Perhaps when deciding the best shill, we need to consider who is closest to the ne0liberal account in terms of tweets. We can compute a cosine similiarity metric ( see http://text2vec.org/similarity.html#cosine_similarity and https://www.brodrigues.co/blog/2019-06-04-cosine_sim/ ) to compare how similar the tweets are among our shills.

To give some comparison I also pulled in tweets from the @ne0liberal account, my own account @lenkiefer and @Wikipedia and @weatherchannel. Finally I also included tweets from @dril.

Warning! @dril is not a family-friendly twitter account. When I computed the tf-idf statistic for @dril relative to our prospective shill all the top terms were either profanities, scatological, body parts, or combinations of all three.

The matrix below displays the cosine similarity measure for our prospective shills and the comparison groups.
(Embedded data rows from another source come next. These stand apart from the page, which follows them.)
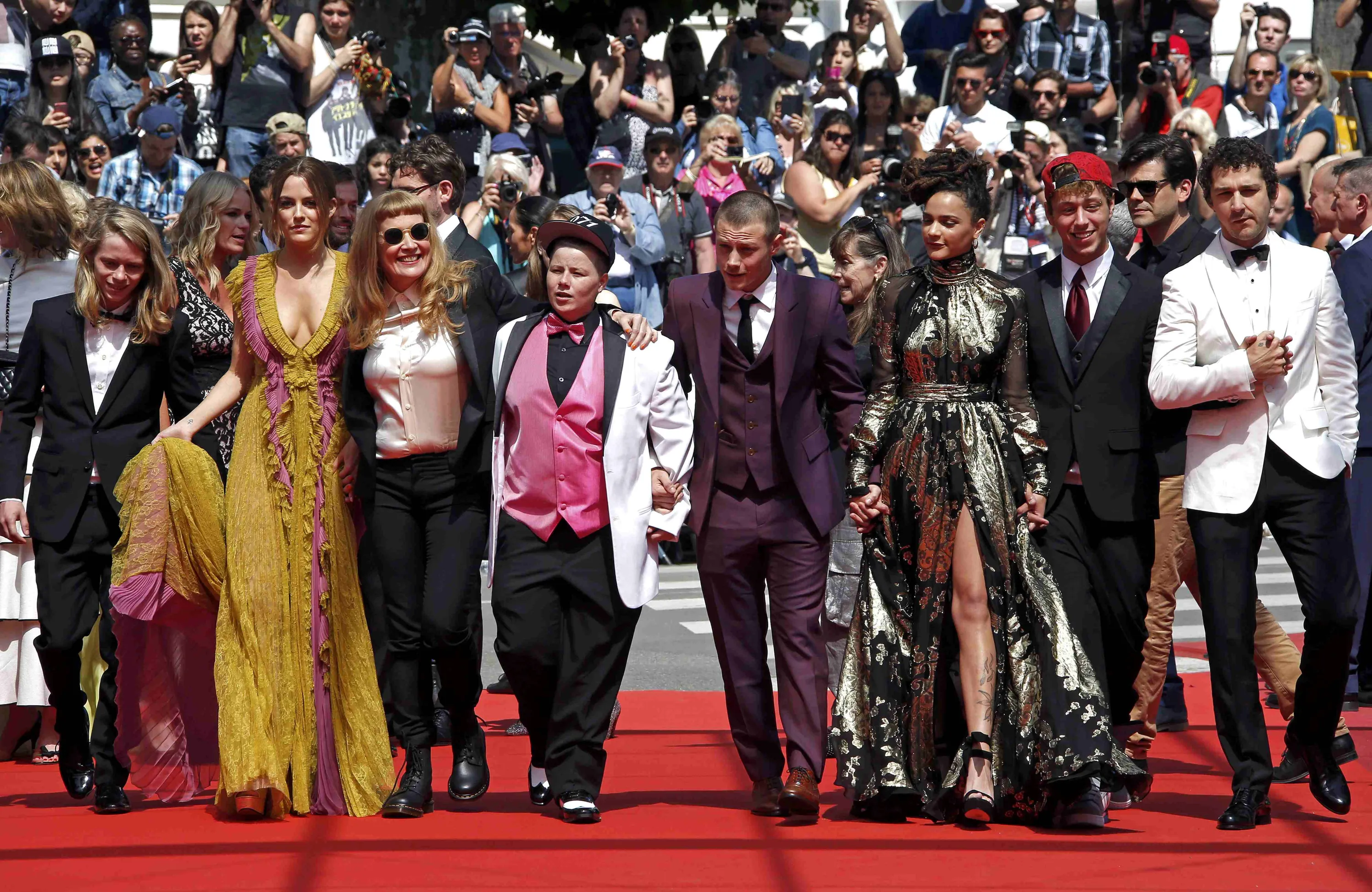 Director Andrea Arnold (3rdL) arrives on the red carpet with cast member Shia LaBeouf (R), Sasha Lane (3rdR), Riley Keough (2ndL), Veronica Ezell, (4thL), Raymond Coalson (2ndR), Isalah Stone (L) and Mccaul Lombardi (4thR) for the screening of the film “American Honey” in competition at the 69th Cannes Film Festival in Cannes, France, May 15, 2016. (Photo by Eric Gaillard/Reuters)
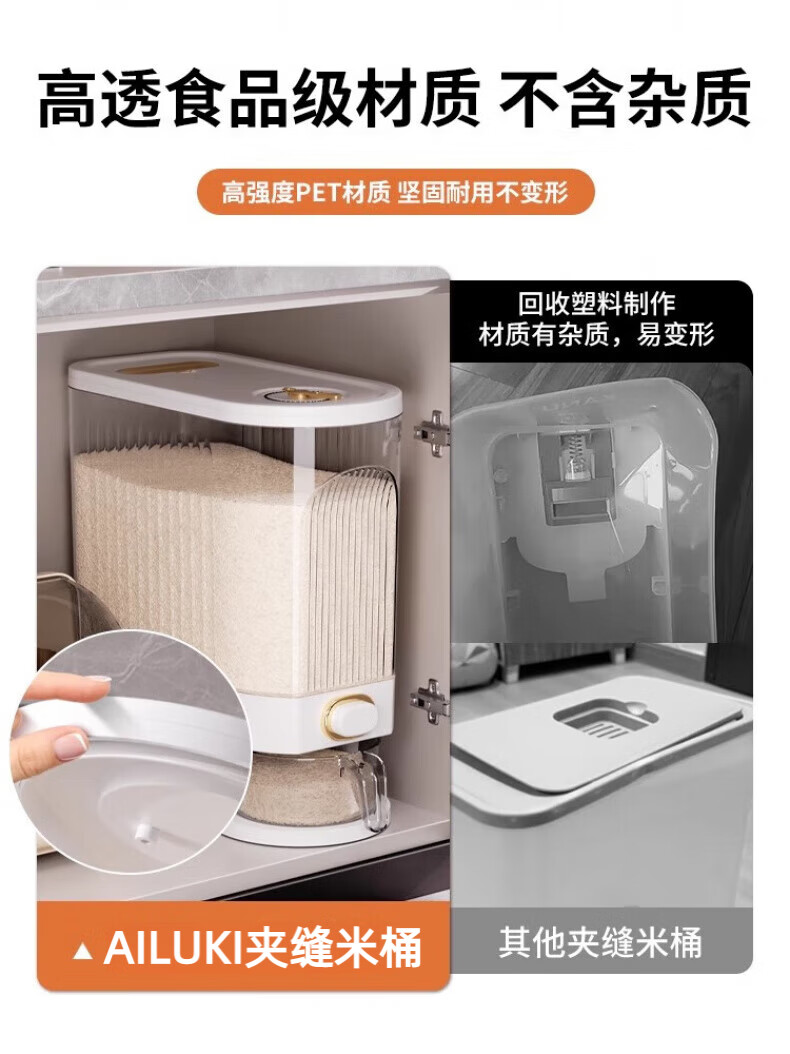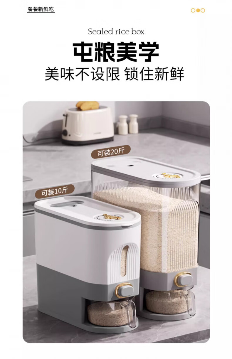 AILUKI日本米桶20斤装2025新款防虫防潮食品级专用防虫储米箱防潮密封 团购 赠量米杯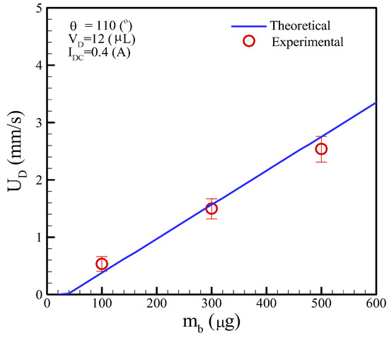 Equation (11) is used to predict the moving speed of a droplet containing clustered magnetic beads. The parameters included the loading mass of the clustered magnetic beads, droplet volumes, and applied DC currents. The electric properties of materials are listed in Table 3. Figure 10 shows the moving speed of a droplet considering the mass of magnetic beads at a constant droplet volume of 12 μL and an applied current of 0.4 A. This figure indicates that the loading mass of magnetic beads must exceed “the threshold mass” to actuate the droplets for the given droplet volume. In principle, the “loading mass” is too small (i.e., mb < 60 μg) to actuate the droplet movement. Moreover, the droplet moving speed linearly increased with the rising loading mass of magnetic beads for the theoretical analysis and experimental data.

The diagonal are by definition equal to 1. Everyone is perfectly similar to themselves. The darker orange the square, the more similar the two tweet timelines. The shills cblatts and jonathaneyer have the strongest relationship.

Cosine Similarity

Figure 6: Cosine Similarity

The charts below contain the same information as the graphic above, but might be easier to read.

which shill is most ne0liberal?

First, who is the most @ne0liberal? The shills @stanveuger and @imbernomics are the most similar. The @weatherchannel and @dril (reassuringly) are the least similar.

Like a ne0liberal

Figure 7: Like a ne0liberal

Who is most similar to me, @lenkiefer? That would be @jonathaneyer and @R_Thaler.

which shill is most like @lenkiefer

Like lenkiefer

Figure 8: Like lenkiefer

which shill is most like @dril

How about @dril?

Like dril

Figure 9: Like dril

The prospective shills @jonathaneyer and @jodiecongirl have that distinction.

Nobel prizes

At the moment only @R_Thaler has a he Sveriges Riksbank Prize in Economic Sciences in Memory of Alfred Nobel.

Do they have great taste?

I’ve presented a variety of statistics and analytics around the various candidate shills. For me there is statistic that I will rely on for my vote. Only @jodiecongirl has demonstated the good judgement and excellent taste required to follow @lenkiefer.

R code

All the analysis, charting, and this blog post were made with R. I may post code at a future date. Most of it follows the steps laid out in my earlier post Beige-ian Statistics.